Asimismo, 10 países de Oriente Medio ya han registrado la vacuna rusa Suptnik V y se encuentran en su última fase las conversaciones para cerrar los acuerdos correspondientes para localizar en la región su fabricación.
Por otra parte, Siria, Libia, el Golfo Pérsico y las relaciones del Estado de Israel con las autoridades palestinas son las cuatro materias de atención principal para Rusia en el Próximo Oriente en su agenda de poder duro.
En Siria, Rusia quiere contribuir a la conclusión de un acuerdo de paz perdurable.
Para Rusia, dicho entendimiento debe incluir la restauración de las condiciones económicas y sociales que permitan a Siria su capacidad para cicatrizar las heridas de la larga guerra civil sufrida y, así, permitir el retorno de millones de refugiados sirios repartidos por la región y por Europa.
Para ello, Rusia está en contacto con el máximo número posible de países árabes para comprometerlos en el cumplimiento de la Resolución 2585, de 9 de julio de 2021, del Consejo de Seguridad de la Organización de las Naciones Unidas (ONU), en la que se reafirma “la soberanía, la independencia, la unidad y la integridad territorial de Siria” y se anima a todas las naciones a contribuir a “ampliar las actividades humanitarias en Siria”.

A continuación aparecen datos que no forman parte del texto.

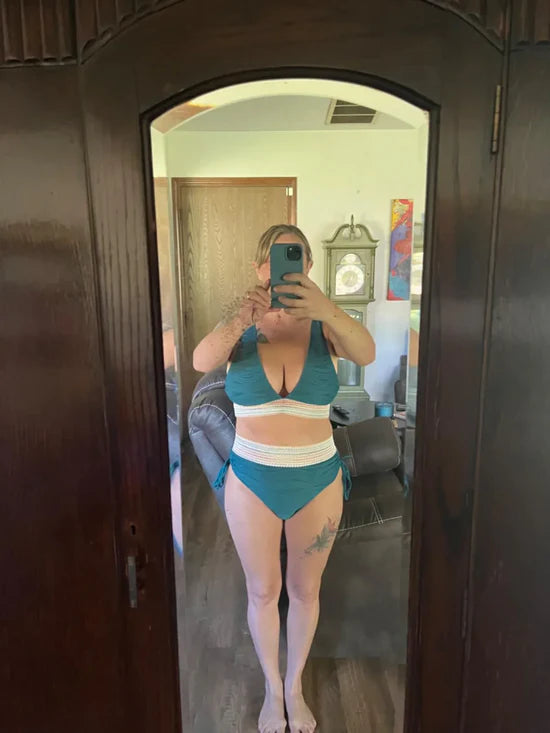 Our high-waisted bikini features tummy control with ruched detailing and a wide drawstring waistband, creating a flattering, slimming effect that highlights your waistline. Offering moderate coverage, this design provides the perfect balance of comfort and confidence, making it ideal for various body types.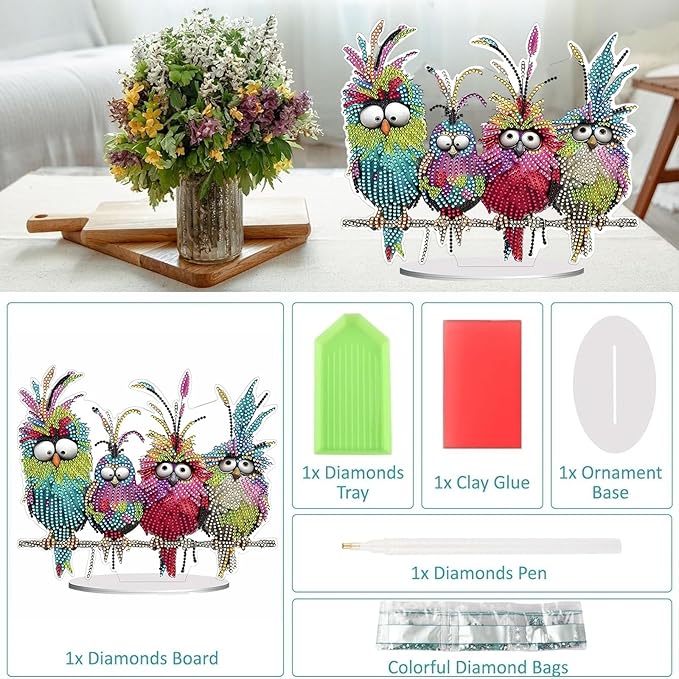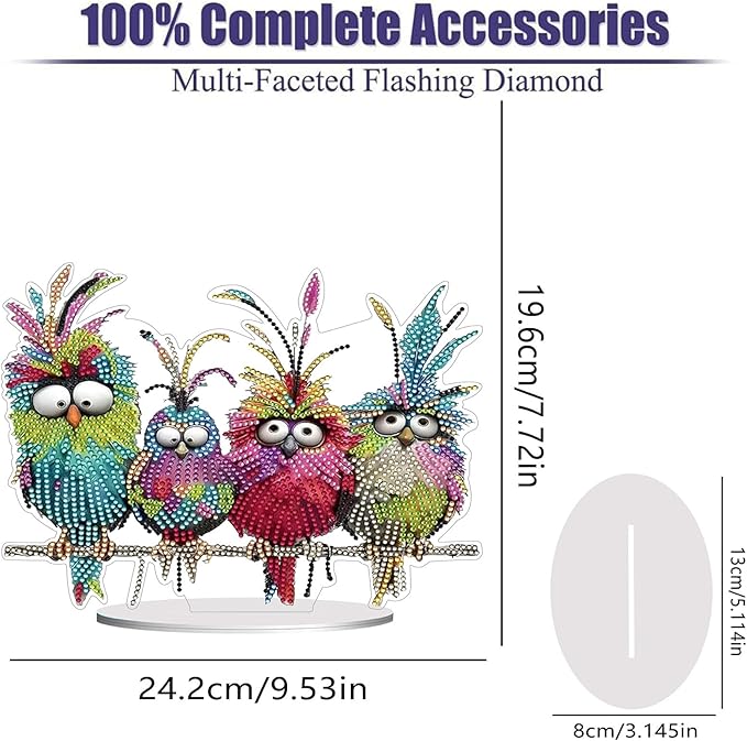 Diamond Painting Kits for Adults Beginners, 5D Full Drill Birds Crystal Art Desktop Ornament, DIY Single Sided Home Office Desk Decor, Creative Craft Gift Set with Tools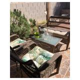 Patio set, two chairs, love seat and coffee table, very nice condition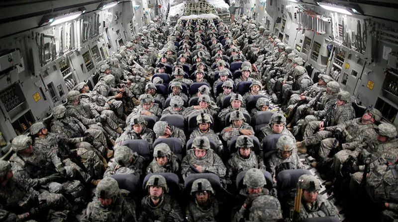 جنود أميركيون على متن طائرة توشك على الهبوط في مدينة مزار الشريف شمال أفغانستان، في أبريل (نيسان) 2010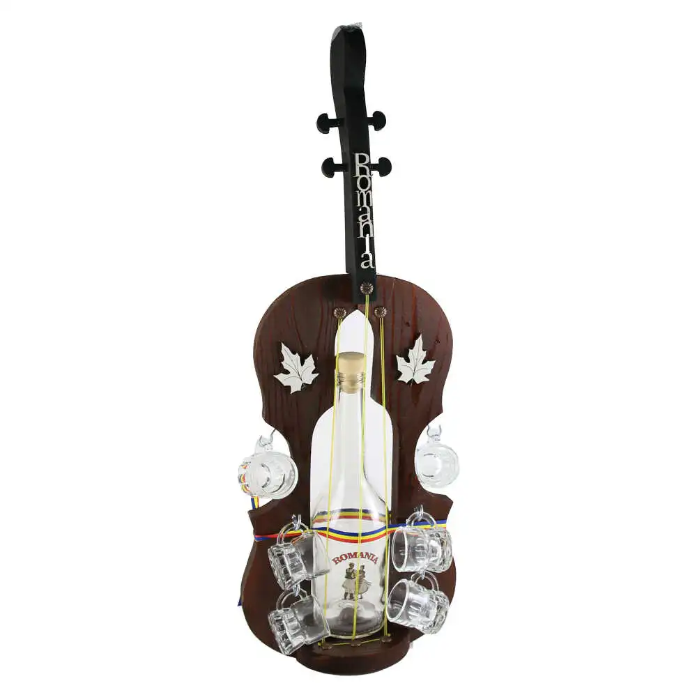 Suport din lemn Vioara, cu o sticla si 6 pahare, „Romania”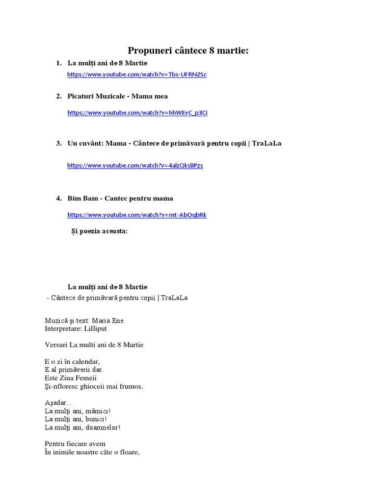 Cantece Copii 8 Martie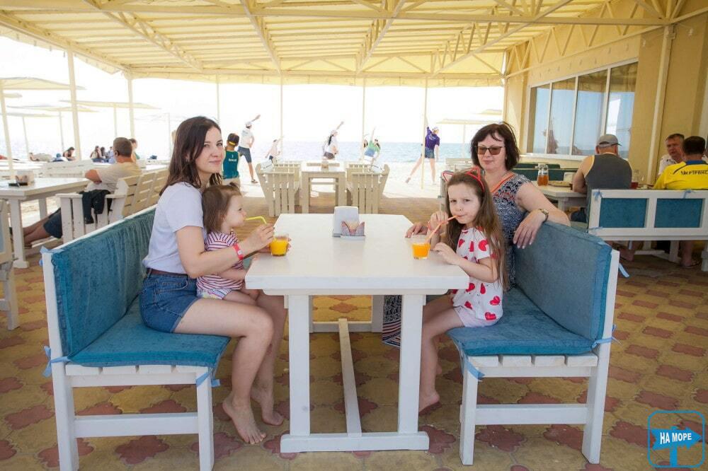 - Можно разместиться на летней террасе или на берегу моря в уютных шезлонгах

Asimismo, una paz sostenible en Siria depende, fundamentalmente, de un acuerdo político para lo que Rusia está influyendo, a través de su liderazgo, en el proceso de consultas entre las partes interesadas, tanto dentro como fuera de Siria.
En Libia, país que colapsó y se desintegró tras la intervención ofensiva de la Organización del Tratado del Atlántico Norte (OTAN), en 2011, Rusia está intentado hacer valer su presencia y su influencia para extender los ceses del fuego y el fin de las hostilidades entre las partes enfrentadas, para reconstruir elementos de autoridad estatal que puedan ser reconocidos por los bandos combatientes y para forzar relaciones y, eventualmente, compromisos entre los grupos del norte y del sur del país, en vísperas de las elecciones de Diciembre de 2022.

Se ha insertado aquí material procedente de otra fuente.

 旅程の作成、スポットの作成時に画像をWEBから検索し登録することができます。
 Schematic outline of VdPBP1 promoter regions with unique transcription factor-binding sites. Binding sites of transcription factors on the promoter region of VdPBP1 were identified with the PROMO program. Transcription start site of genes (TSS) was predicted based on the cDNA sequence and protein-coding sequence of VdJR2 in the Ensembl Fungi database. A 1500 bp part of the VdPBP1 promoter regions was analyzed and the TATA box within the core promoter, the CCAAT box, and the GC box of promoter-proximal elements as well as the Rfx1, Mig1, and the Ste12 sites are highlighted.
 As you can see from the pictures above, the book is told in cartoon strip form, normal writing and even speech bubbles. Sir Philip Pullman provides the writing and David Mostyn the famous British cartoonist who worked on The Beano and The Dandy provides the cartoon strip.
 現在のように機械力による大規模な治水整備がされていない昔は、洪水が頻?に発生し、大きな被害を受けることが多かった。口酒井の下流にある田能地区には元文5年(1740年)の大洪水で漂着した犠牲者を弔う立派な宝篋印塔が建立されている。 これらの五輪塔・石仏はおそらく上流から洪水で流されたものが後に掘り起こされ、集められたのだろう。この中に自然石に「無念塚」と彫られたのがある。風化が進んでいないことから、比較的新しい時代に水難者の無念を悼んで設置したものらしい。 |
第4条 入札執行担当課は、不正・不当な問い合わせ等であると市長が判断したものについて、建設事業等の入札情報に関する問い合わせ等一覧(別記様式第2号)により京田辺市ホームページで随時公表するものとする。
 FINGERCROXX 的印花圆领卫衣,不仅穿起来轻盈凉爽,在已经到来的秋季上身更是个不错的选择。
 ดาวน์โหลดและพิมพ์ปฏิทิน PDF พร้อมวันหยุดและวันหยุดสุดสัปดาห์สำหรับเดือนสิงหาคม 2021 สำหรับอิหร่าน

Sobre los retos de seguridad existentes en la subregión del Golfo Pérsico, Rusia está intermediando, desde que, en agosto de 2021, elaboró un documento, que circuló, a través de la ONU, entre los países interesados, especialmente, entre la República Islámica de Irán, los países árabes y el Estado de Israel, para promover lo que el gobierno ruso denomina una “nueva arquitectura de seguridad” o de “seguridad colectiva” para el Golfo Pérsico, que incluye ideas sobre una posible coordinación en materias de seguridad y, también, de canalización de ayuda humanitaria.
Está por ver si esta iniciativa tendrá opciones de materializarse.
Por último, en la cuestión israelí-palestina, Rusia sigue proponiendo la restauración y el reinicio del proceso de paz entre las partes para llegar a un acuerdo marco de paz a cambio de territorios y la aplicación de la llamada solución de los dos Estados.
Sin embargo, este impulso ruso tiene pocas posibilidades de salir adelante, dado el estado de la relación entre las partes directamente implicadas y el hecho incontrovertible de que los retos que presentan Irán, su programa nuclear y la financiación y el apoyo que presta a los grupos terroristas son una barrera insalvable para incentivar a Israel para llegar a ningún acuerdo.
A pesar de ello, Rusia e Israel, desde la época de Benjamin Netanyahu como primer ministro de Israel, mantienen una relación muy fluida en múltiples materias.
El Próximo Oriente sigue siendo una región recorrida por conflictos bélicos abiertos y por enfrentamientos soterrados desde la zona gris, de la que EE. UU. se ha distanciado, aunque no se ha desenganchado completamente, y a la que Rusia ha vuelto, desde 2011, de forma que su presencia y su influencia no pueden ser obviadas para resolver sus conflictos más importantes.